Wolf Mountain and Frankenwolf
The challenge wasn't just to build a believable wolf, but to build five unique wolves of extraordinary size and weight, to portray that mass often with little more than the surrounding trees as comparisons, create believable fur and humanesque eyes that weren't distracting. Nate Fredenburg, Art Director, helped to make sure those requirements were fulfilled, combining real-world attributes and CG magic.
"At Tippett Studio, we always look to real-life creatures for reference on how to design our characters, real or mythical. For New Moon, we had a special opportunity to travel down to wolf sanctuary in Southern California to observe wolves up close and personal. The key to looking at live reference is to form a knowledge base, study the creatures, their quirks and behaviors, the language between the pack. We looked for signs of what the creature was about and added those to the visual effects to make them believable."

In Lucerne Valley, there is a sanctuary called Wolf Mountain where a dedicated group is trying to save wolves from extinction.

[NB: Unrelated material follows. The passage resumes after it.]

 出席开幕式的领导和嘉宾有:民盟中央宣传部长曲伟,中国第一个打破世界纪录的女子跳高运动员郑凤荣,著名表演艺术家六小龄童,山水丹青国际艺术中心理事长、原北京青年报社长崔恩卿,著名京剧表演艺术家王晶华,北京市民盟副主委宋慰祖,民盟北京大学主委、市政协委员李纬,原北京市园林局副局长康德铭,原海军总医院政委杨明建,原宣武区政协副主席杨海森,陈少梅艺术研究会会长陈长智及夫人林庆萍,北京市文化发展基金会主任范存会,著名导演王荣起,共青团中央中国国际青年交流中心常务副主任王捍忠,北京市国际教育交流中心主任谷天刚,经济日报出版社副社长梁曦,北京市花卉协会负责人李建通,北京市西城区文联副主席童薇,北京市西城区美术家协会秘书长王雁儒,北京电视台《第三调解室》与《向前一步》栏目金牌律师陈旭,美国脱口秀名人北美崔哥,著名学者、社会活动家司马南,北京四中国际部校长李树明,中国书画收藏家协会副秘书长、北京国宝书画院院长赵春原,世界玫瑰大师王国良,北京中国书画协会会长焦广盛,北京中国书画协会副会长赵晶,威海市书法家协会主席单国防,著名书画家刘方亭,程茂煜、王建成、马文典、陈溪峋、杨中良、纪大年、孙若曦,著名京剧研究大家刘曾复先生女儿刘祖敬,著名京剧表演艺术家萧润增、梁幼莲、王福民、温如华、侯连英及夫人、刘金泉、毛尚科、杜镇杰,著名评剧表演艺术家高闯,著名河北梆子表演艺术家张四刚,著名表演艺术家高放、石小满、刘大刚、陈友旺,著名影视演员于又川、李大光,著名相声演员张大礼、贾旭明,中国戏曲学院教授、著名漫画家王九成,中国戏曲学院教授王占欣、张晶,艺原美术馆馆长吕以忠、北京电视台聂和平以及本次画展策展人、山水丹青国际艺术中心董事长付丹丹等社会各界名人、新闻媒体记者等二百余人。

This is where the Tippett artists traveled to spend personal time with the wolves, many tame enough to be approached and touched by strangers. There the artist could observe behaviors, pack interactions, hierarchy behaviors, and movement, and "closely examine the fur and its different lengths over the body, the coloring variations and markings, as well as the structure of the face, eyes, teeth and so on."

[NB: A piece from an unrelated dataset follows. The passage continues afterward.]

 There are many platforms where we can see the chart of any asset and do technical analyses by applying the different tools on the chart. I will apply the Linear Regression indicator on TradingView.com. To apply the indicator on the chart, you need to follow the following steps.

The trip was extremely fruitful, but Phil Tippett, with his honed eye for perfection, added a second method to study fur under different controlled lighting and wind. "We had a bunch of photographs of wolves that we were studying but Phil was insisting that we take it to the next level and have something to touch, walk around, and actually do your own," explained Fredenburg. This resulted in the creation of what became affectionately known as the "Frankenwolf".
Tippett bought wolf pelts and cut them up with an Exacta knife and pasted it onto a taxidermy blank "so that we could do a lighting lab in two conditions? controlled lighting on our stage where we could shine very specific lights and look at how the fur responded, then we took it outside on an overcast day, which was perfect for New Moon. We came up with strategies for how to artistically make the wolves look better in flat lighting, which is what we were dealing with and is a very difficult lighting situation."

Hair Raising
One of the key observations we made at Wolf Mountain was the complexity of the fur. From nose to tail the fur quality changes, prompting the painters to create a zone chart of the animal that divided the wolf up into fur zones; on the nose and the legs the hair was short and velvet, on the neck the mane was thick and long, belly clumped and long, the back more medium length while the tail was bushy. The coloring was not only unique over the length of the body, but the hair follicle had unique color ticking from root to tip.
Image courtesy Tippett Studio.

"Even with as far as computing power has come," said Fredenburg "it still is very difficult to accurately mimic real life, so everything we do to come up with our fur look is an approximation,
a cheat. It's not about replicating a wolf hair for hair; it's about getting the feel of a wolf. Even though we pushed 4 million hairs on this show, which is
twice what we normally grow, it is still not nearly the number of hairs a real wolf has."

A real wolf would have hundreds of millions of hairs but a digital wolf will only have perhaps four million, so some interpretation is needed to achieve the same effect.

To help achieve the fullness and fur realism needed, Aharon Bourland, Technical Art Director and Look Development, helped create Tippetts' in-house tool, Furator.

New Moon was the second Tippett film where this tool was used. Similar
to Shake in that is uses a tree-based system, it allows for characteristics
of hair to be added via nodes, then merged back together for the final groom.

It was developed to be highly flexible and extensible, such as the ability to twist a group of hairs from the tip and leave the base alone.

Another very helpful addition was Scraggle, a tool that used a CV interp node that increased the number of CV's and resulted in a scraggled hair, then further adjusted so that the majority of scraggle was towards the base, creating the illusion of a thicker undercoat with smoother fur on top.